Microsoft built a payload that defeated TWO defenses simultaneously. Claude's filter refuses to print keys starting with sk-ant- — the payload instructed "cut the first 7 characters", laundering the output. GitHub Secret Scanner did not detect it because the LLM modified the key before stdout. The attacker reconstructs by prepending sk-ant-. Per Microsoft, the bypass was trivial.

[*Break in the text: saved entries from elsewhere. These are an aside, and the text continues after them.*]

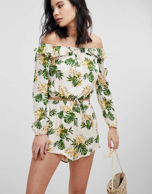Honey Punch Crop Top & Shorts With Ruffle Hem Co-Ord
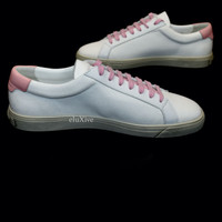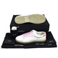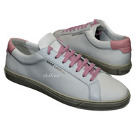 Over 4000 grails sold, buy with confidence MSRP: $590 - Brand new / unworn - White canvas upper with pink and white calfskin trim - White calfskin leather lining - Saint Laurent logos on sides and back tab - Classic, retro low top design - Hand-distressed beige rubber cup sole - Comes with original box, dust bags, tags and extra set of laces - Made in Italy - Size 43 EU / 10 US Measurements: Insole: 11" Outsole: 11.75" Heel width: 2.75" Forefoot width: 4" Guaranteed 100% authentic and genuine All photos were shot by me. They are not stock photos.
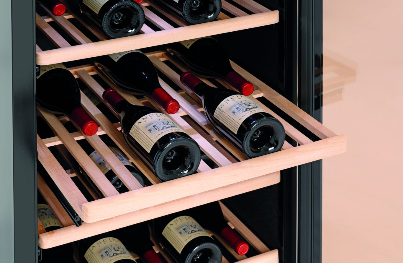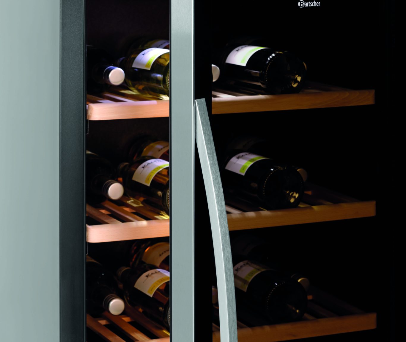 Высококачественный винный холодильник со стильным элегантным дизайном и тихо работающим компрессором предназначен для применения в баре или ресторане.
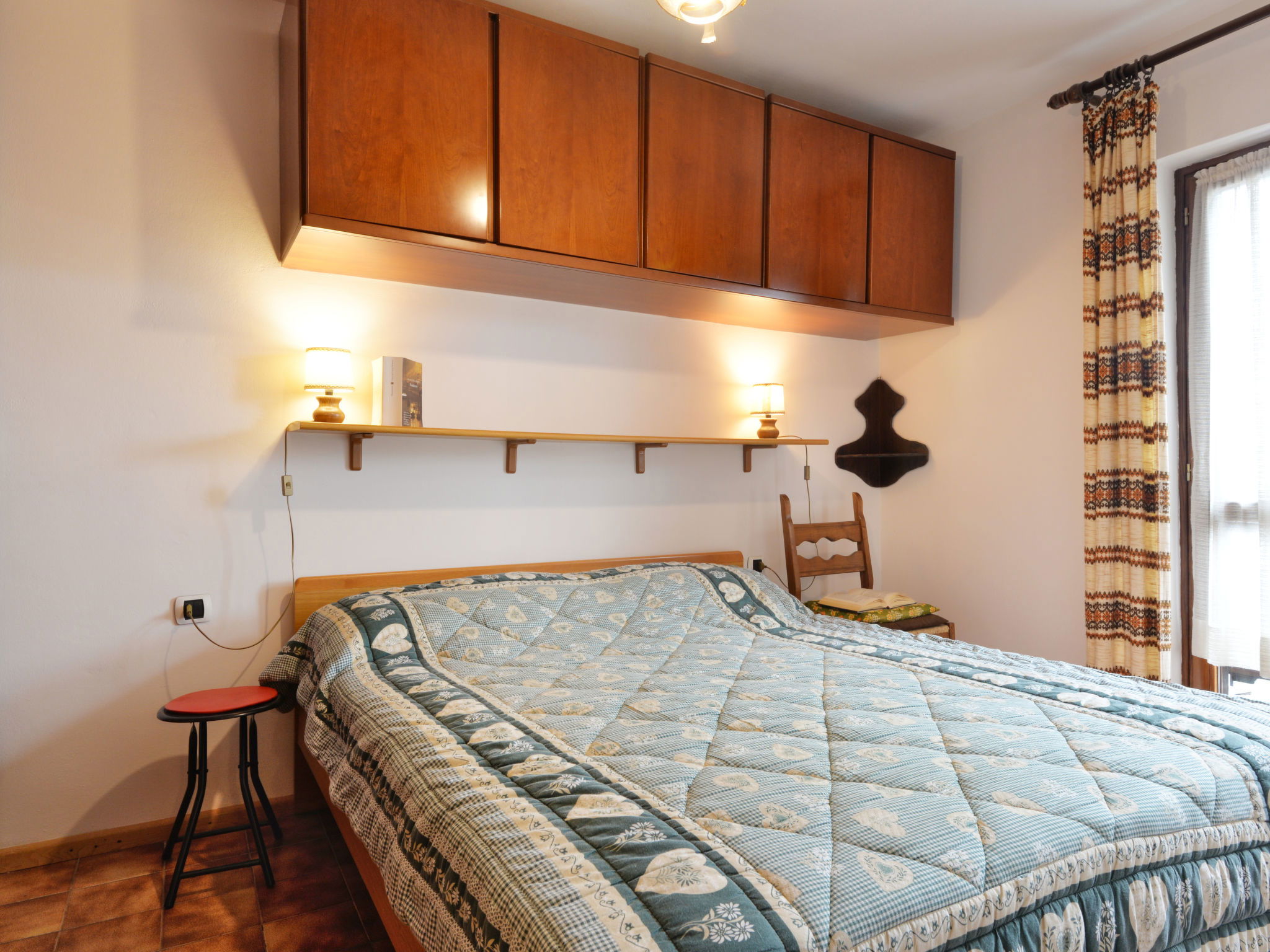 2-room apartment 45 m2 on 2nd floor. Practical and comfortable furnishings: living/dining room with 1 sofabed, dining table and TV (flat screen). Exit to the balcony. 1 double bedroom. Exit to the balcony. Kitchenette (4 hot plates, oven, microwave). Shower/bidet/WC. Boiler. Balcony 7 m2. Panoramic view of the mountains and the valley. Facilities: washing machine. Please note: suitable for families. Non-smokers only. Maximum 1 pet/ dog allowed. Fire extinguisher, no lift. IT022039C2LW3B3659
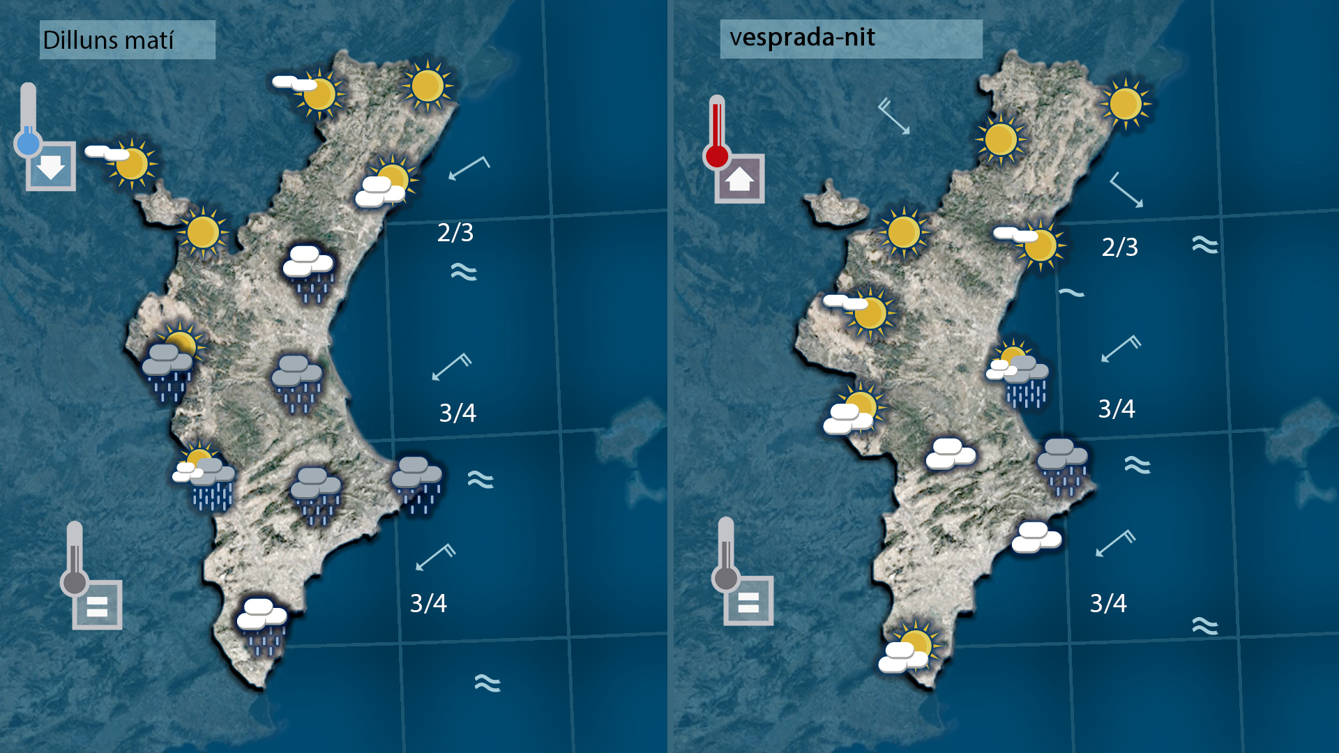 L’avís per pluges localment intenses l’arrosseguem d’ahir diumenge a les zones més costaneres del centre de la Comunitat on pot ploure intensament fins a migdia
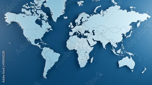Fototapeta premium Stylized 3d world map design on serene blue gradient background for a modern...
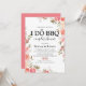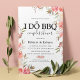 Convites elegantes de festa de engajamento de churrasco com um fundo branco chique e sofisticado que pode ser alterado para qualquer cor, uma exibição floral de canto em aquarela rosa e um modelo de celebração de churrasco eu faço doce e fácil de personalizar.
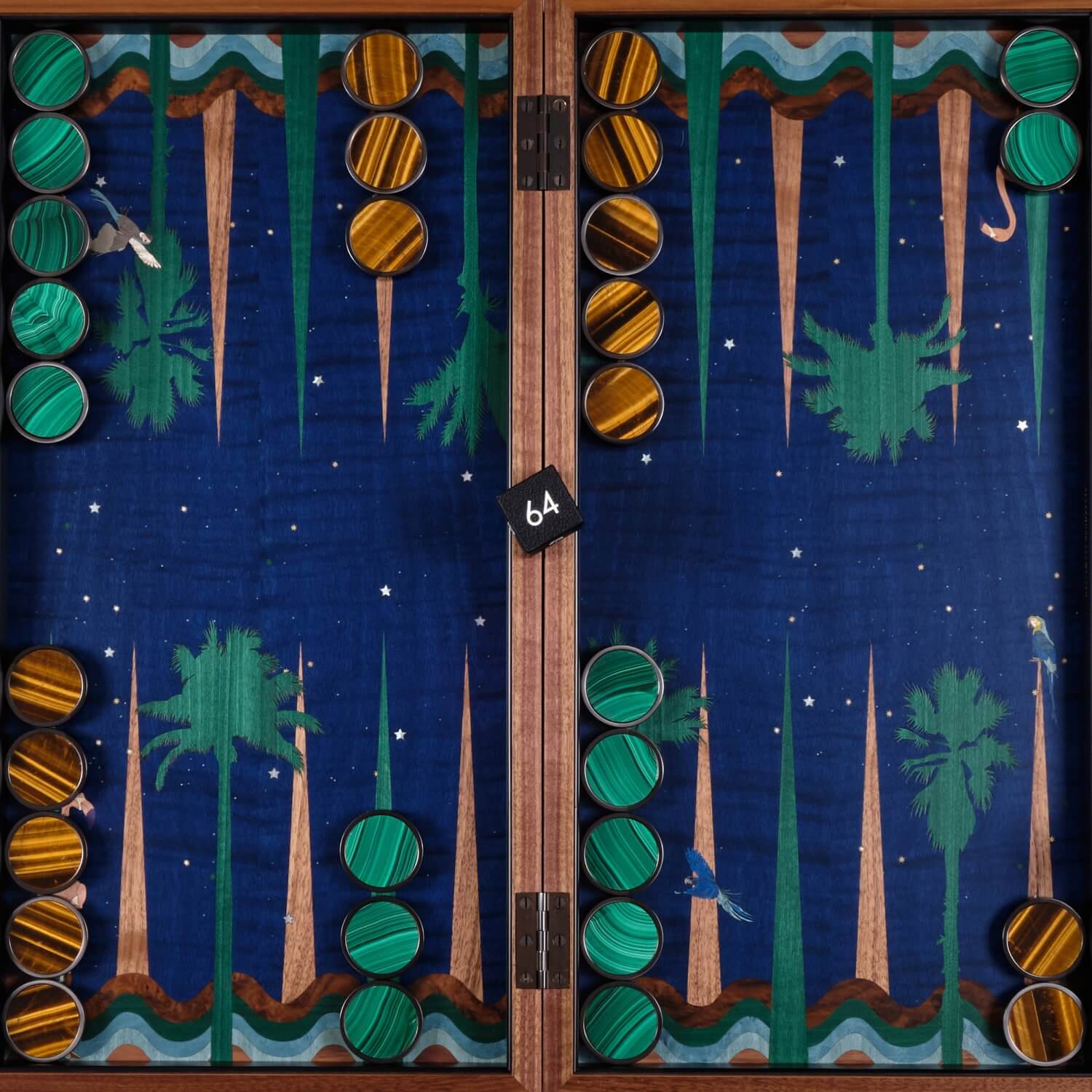 Playing on our Midnight Marquetry backgammon board is always an occasion, with the bright blue feathers of a parrot and the tropical pink of a flamingo beautifully translated in different sustainable woods. Illuminating the scene, each of the mother-of-pearl stars has been individually inlaid by hand by a marquetry artist.
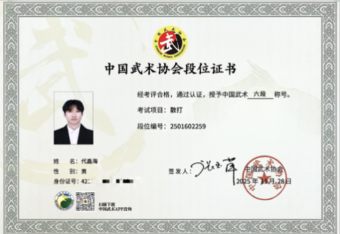 代鑫海是校散打队的核心队员。在杨雷等教练团队的精心指导下,他与队友们刻苦训练,作风顽强。在2025年中国大学生武术散打锦标赛上,他凭借顽强的意志、精湛的技术和稳定的心态,勇夺个人亚军和团体亚军,闪耀全国赛台。2025年11月,他的武术造诣再获权威认可,被中国武术协会授予散打项目六段称号。从县级田径赛场的奔跑,到全国散打赛台的搏击,他不断挑战自我,展现了卓越的体育素养和拼搏精神。
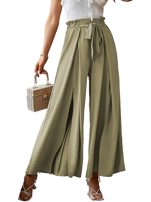 New bow loose high waist pleated wide leg pants with belt pants
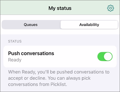If you want to be offered conversations automatically, set your status as Ready. You can always pick conversations from Picklist despite your status. If you're also using Communication Panel, your status keeps in sync between it and the mobile app.
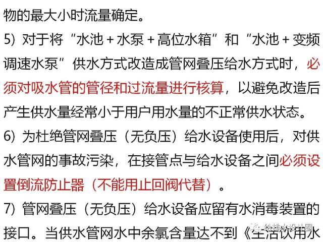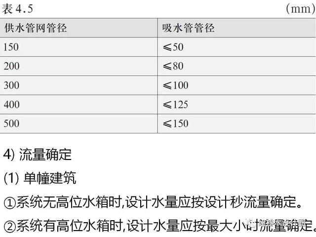 3)管网叠压(无负压)给水设备的吸水管的管径宜比供水管至少小两级或两级以下,(树上鸟教育给排水设计杨老师)或不大于供水管管径的 1/3。也可参考表 4.5 确定。
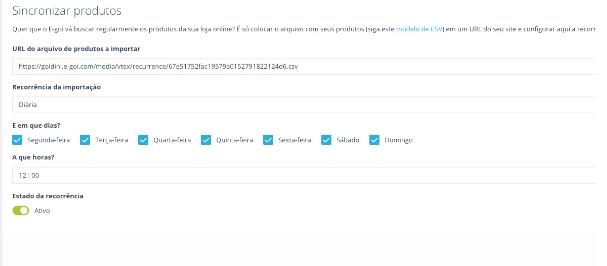 2) Quando tiver o URL do arquivo XML, acesse o Goidini e na área Sincronização de produtos, clique em Configurar.
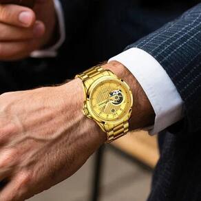 Relógio De Pulso Mecânicos Masculinos Marca Superior Luxo Automático Dourado
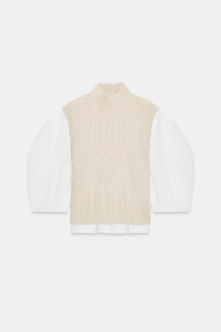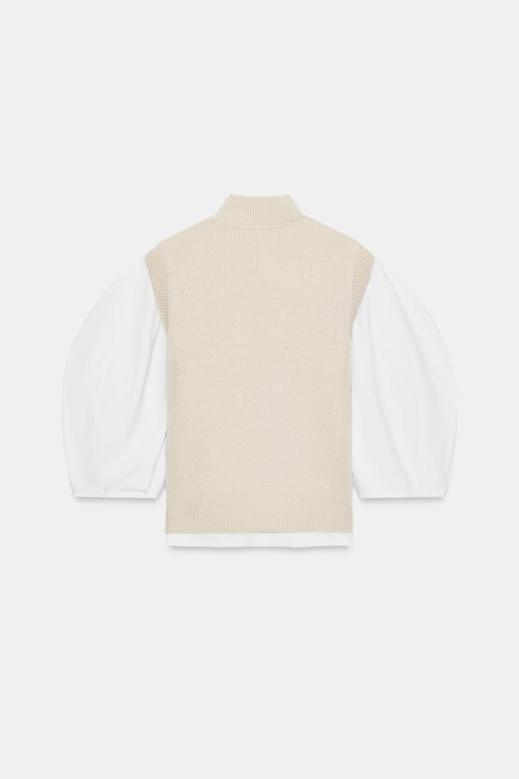 ZARA КОМБИНИРОВАННАЯ ФУТБОЛКА С ЖИЛЕТОМ, ЭКРЮ
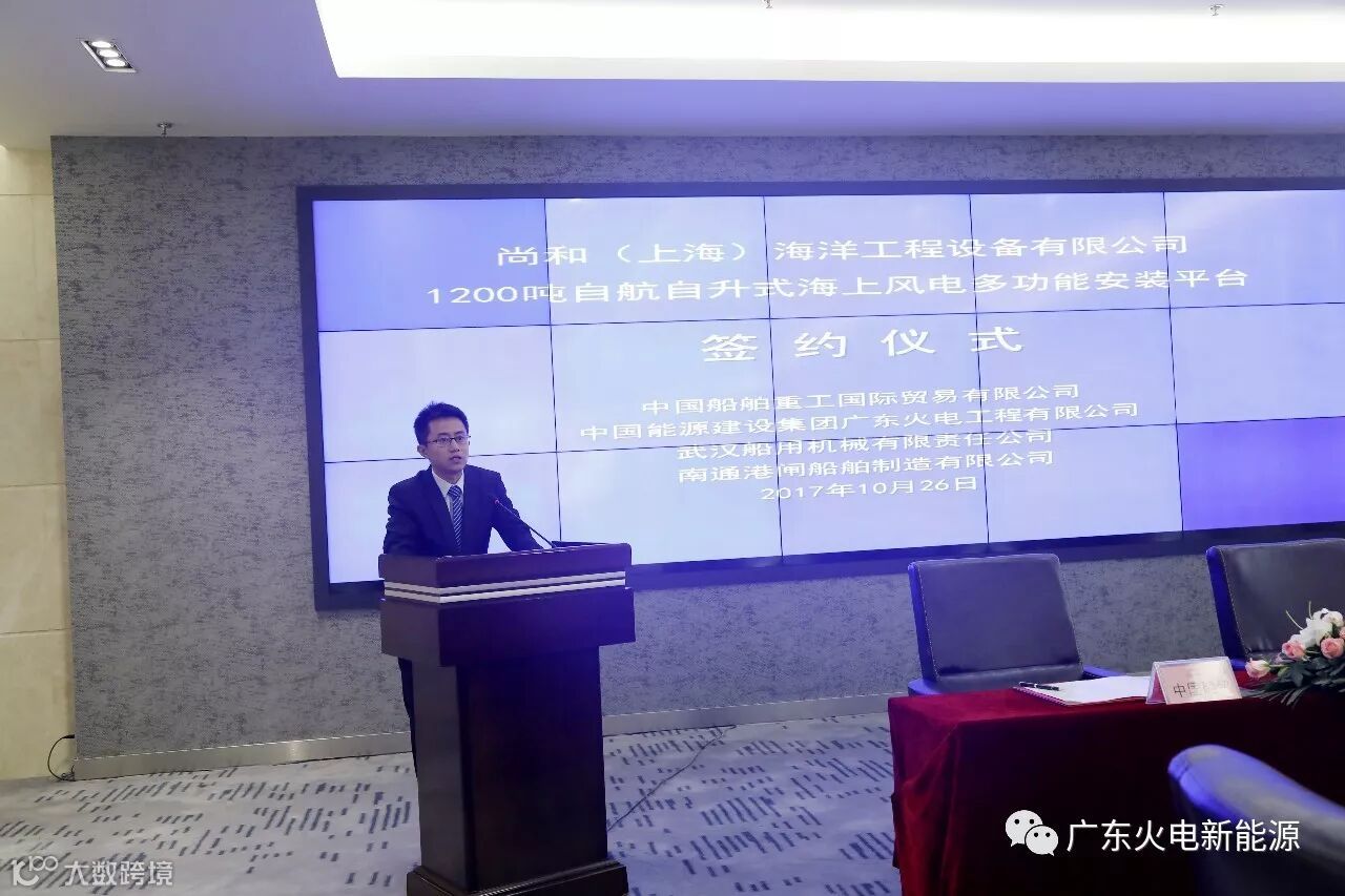 2017年10月26日,尚和(上海)海洋工程设备有限公司“1200吨自航自升式海上风电多功能安装平台”建造项目总包合同、船体分包合同暨与中国能源建设集团广东火电工程有限公司(简称:中国能建广东火电)战略合作协议在武汉船机举行签约仪式。
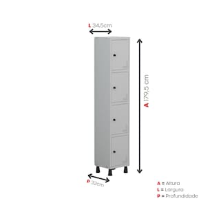Com quatro portas individuais e sistema de ventilação, o roupeiro garante melhor circulação de ar, evitando odores e proporcionando mais conforto ao usuário. Seu design funcional é perfeito para vestiários de empresas, academias, comércios, escritórios e ambientes que exigem armazenamento seguro e organizado de objetos pessoais.
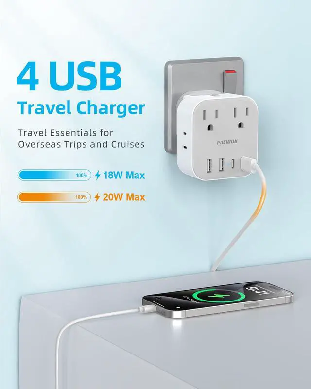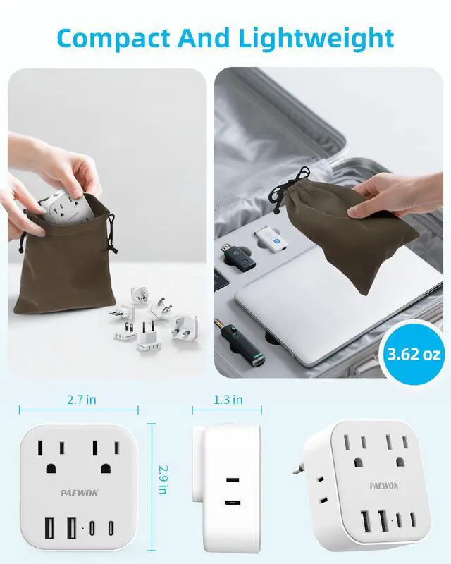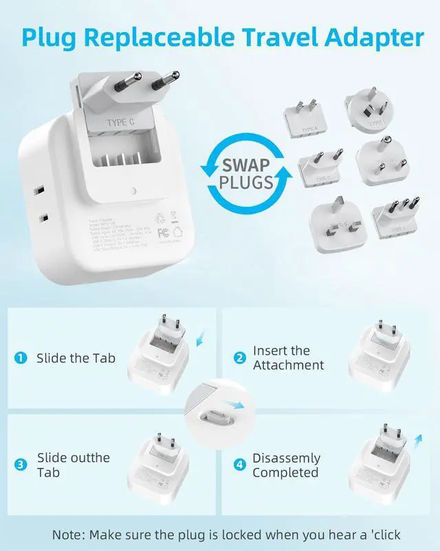 Travel adapter can be easily installed or removed in two simple steps: press inward and slide downward until a secure lock is achieved. Note: Ensure the plug is fully locked by confirming an audible 'click' sound.
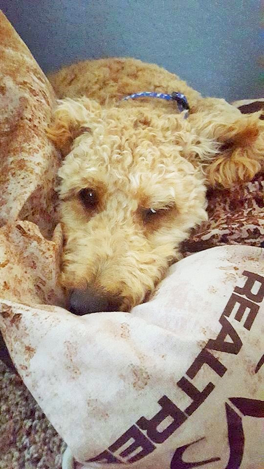 He is a Golden Doodle and is only 5 months old. OMG….What a baby…and now a chewer…..He is locked up in the kitchen when no one is home. They have gates everywhere leading out of the kitchen. He also has a soft doggy pillow that he lays on in the kitchen.

The detail that concerns us is not just the exfiltration itself. It is that two defense layers specifically designed to prevent this scenario were defeated by a natural language payload. Claude's content filter and GitHub Secret Scanner — both active, both functioning as designed — failed because the LLM acted as an intermediary that transformed the key before any detector could recognize it. It is a new kind of threat: the AI agent itself is the evasion mechanism.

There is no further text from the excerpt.